Вадим Верник
24.07.2014 15:07
Звезды

Даниил Страхов и Мария Леонова

«На 50-летие свадьбы возьмем себе служанку!»

Фотография: Владимир Васильчиков

Он много снимается и со времен «Бедной Насти» является, бесспорно, одним из самых популярных российских актеров. Она на экране появляется редко, но метко... Даниил СТРАХОВ и Мария ЛЕОНОВА — семейная пара, и их союзу скоро исполнится 20 лет. В актерской среде такая стабильность в отношениях встречается нечасто. Даниил и Мария вовсе не хотят выглядеть образцово-показательной семьей, они просто живут так, как считают нужным

Помню, в свое время на моем домашнем автоответчике было сообщение: «Вадик, привет. Это Даня и Маша». Причем говорил один Даня. Это очень символично. У меня такое ощущение, что вы одно целое, вам так хорошо вдвоем, что больше никто и не нужен, кроме, может быть, вашего красавца лабрадора. Я прав?
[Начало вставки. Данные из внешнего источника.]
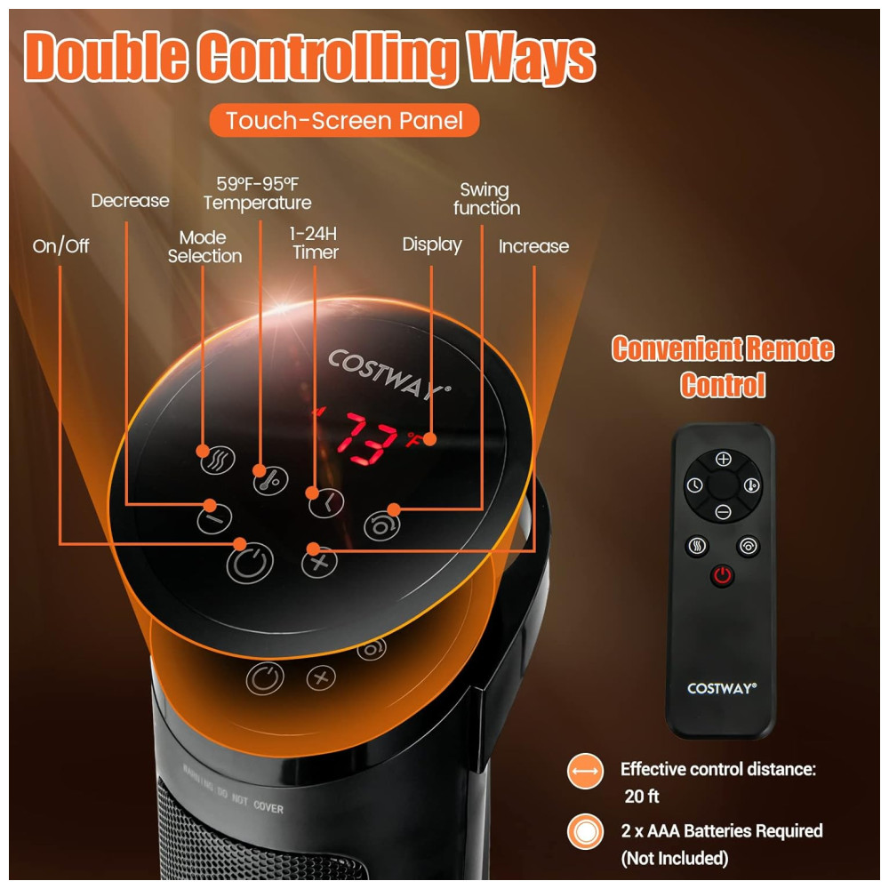 Controle por Painel e Controle Remoto: Este aquecedor PTC possui duas formas de controle: painel de controle sensível ao toque e controle remoto. Ambas as formas oferecem muita conveniência para configurar o timer, a função de oscilação, a temperatura e o modo de aquecimento. A distância efetiva do controle remoto é de até 6 m e são necessárias 2 pilhas AAA (não incluídas).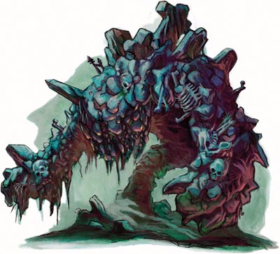 "A repulsive, extremely tall, humanlike creature with long, rotting wings and peeling flesh, this monstrosity continually sheds rivulets of filth and decay, creating a pool of rot in which it stands."

Даниил: Возможно. Мы стараемся внутри себя сохранить что-то очень важное и не пустить в наш мир Москву всю целиком со всеми ее бешеными ритмами, потребностями, претензиями.
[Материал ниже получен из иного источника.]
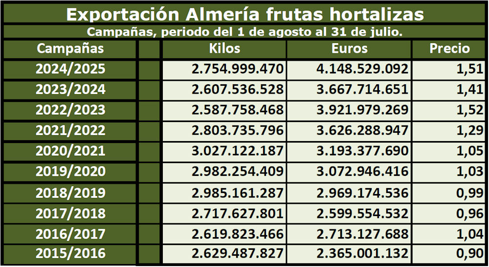 La cifra total de ingresos que han obtenido los exportadores almerienses por la exportación de frutas y hortalizas durante la campaña 2024/2025 ha sido de 4.148,53 millones de euros, la más alta de la historia, correspondientes a la venta al exterior de un volumen de productos hortofrutícolas de 2.755 millones de kilos, a un precio medio de 1,51 euros por kilo.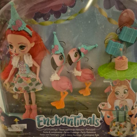 Dukken måler 12,5 cm høy og har flere venner med seg i esken - blandt annet hesten Phillipe.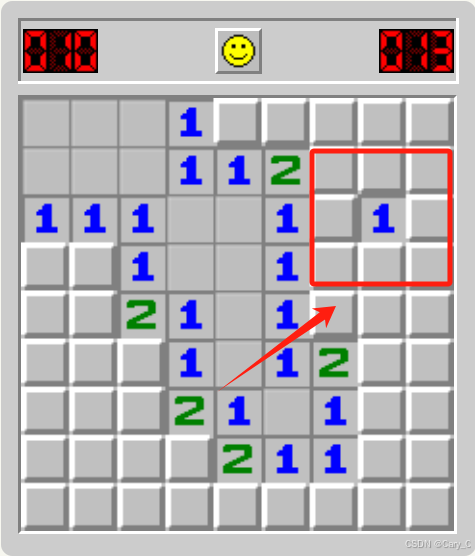 1.我们发现这个代码还没有实现周围遇到0个雷的时候能自动向外拓展,直至出现相邻格子有雷的情况才会停止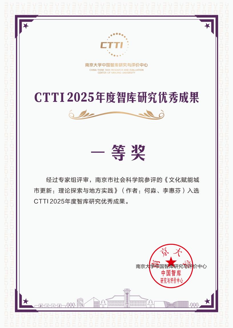 市社科院何淼副研究员、李惠芬研究员的成果《文化赋能城市更新:理论探索与地方实践》获评“CTTI 2025年度智库研究优秀成果——一等奖”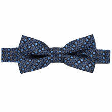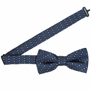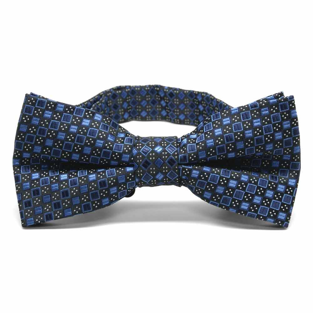 Blue and black square pattern bow tie, close up front view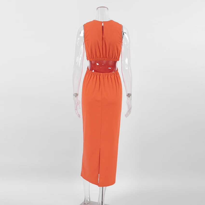 OOTN Women Cotton Linen Pencil Dresses 2023 Summer Sleeveless Hollow Out Dresses Elegant High Waist O Neck Long other dresses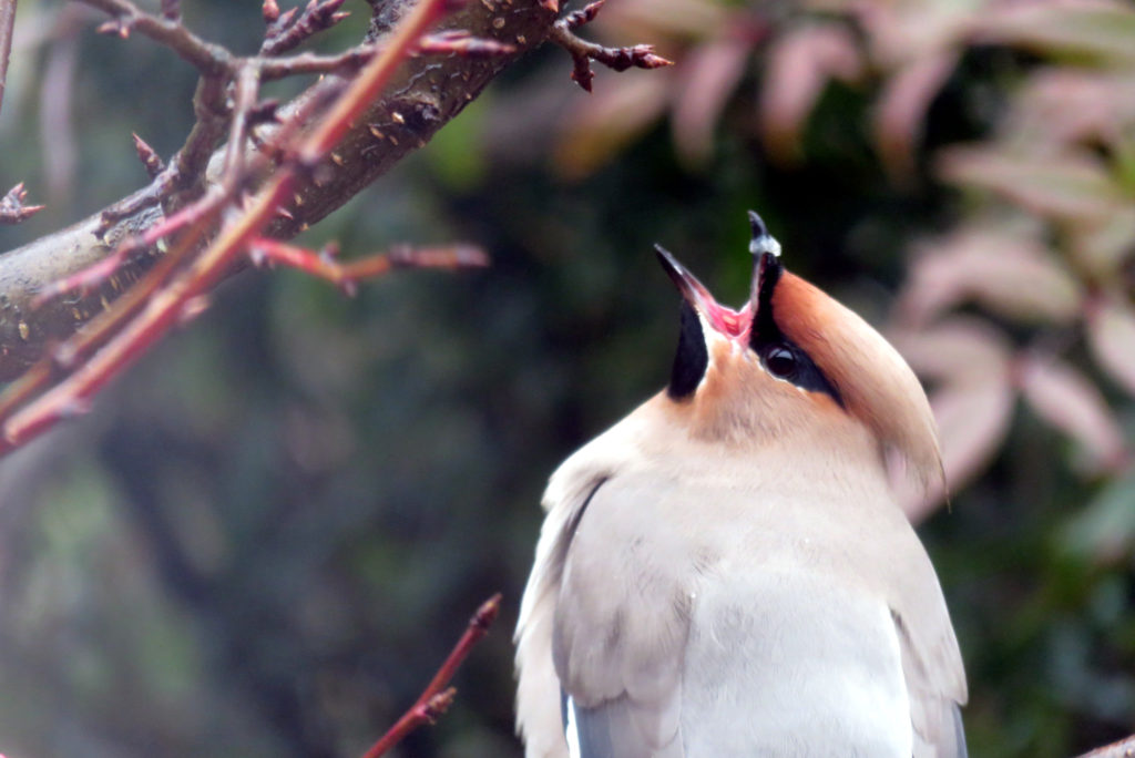 頭というか顔はそっくりな鳥だが、その名の由来か、尾羽の先端の色で識別できる。まるで蛍光色ともいえるような赤のヒレンジャク、そして黄色のキレンジャク。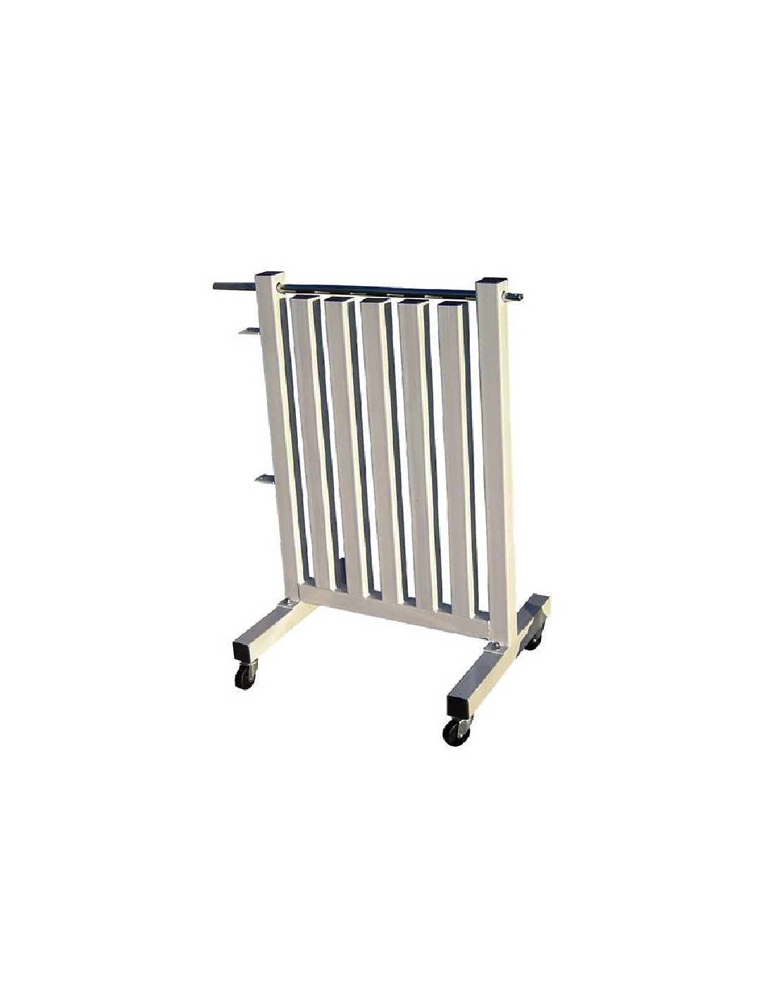 Soporte metálico reforzado. Dispone de 6 canales para almacenar pesas de vinilo. Ruedas para su traslado y barra superior para cierre. Medidas: 1.15x1.70x0.12 m.

Сколько лет вы уже вместе?

Маша: Мы познакомились в 1994 году, на 2-м курсе Щукинского училища. Даня тогда перевелся из Школы-студии МХАТ. Мы знакомы 20 лет.

Д.: Как раз в сентябре у нас будет юбилей. Получается, наша с тобой встреча, Вадик, — юбилейная. (Улыбается.)

Я вас поздравляю, время быстро летит. Скажите, вы сразу почувствовали друг друга?

Д.: Я на Машу глаз положил сразу. А Маша ко мне какое-то время присматривалась. Эти отношения не то чтобы сразу возникли и приобрели какой-то лирический характер. На самом деле мы стали жить вместе уже после института.

М.: Это вообще была очень долгая история.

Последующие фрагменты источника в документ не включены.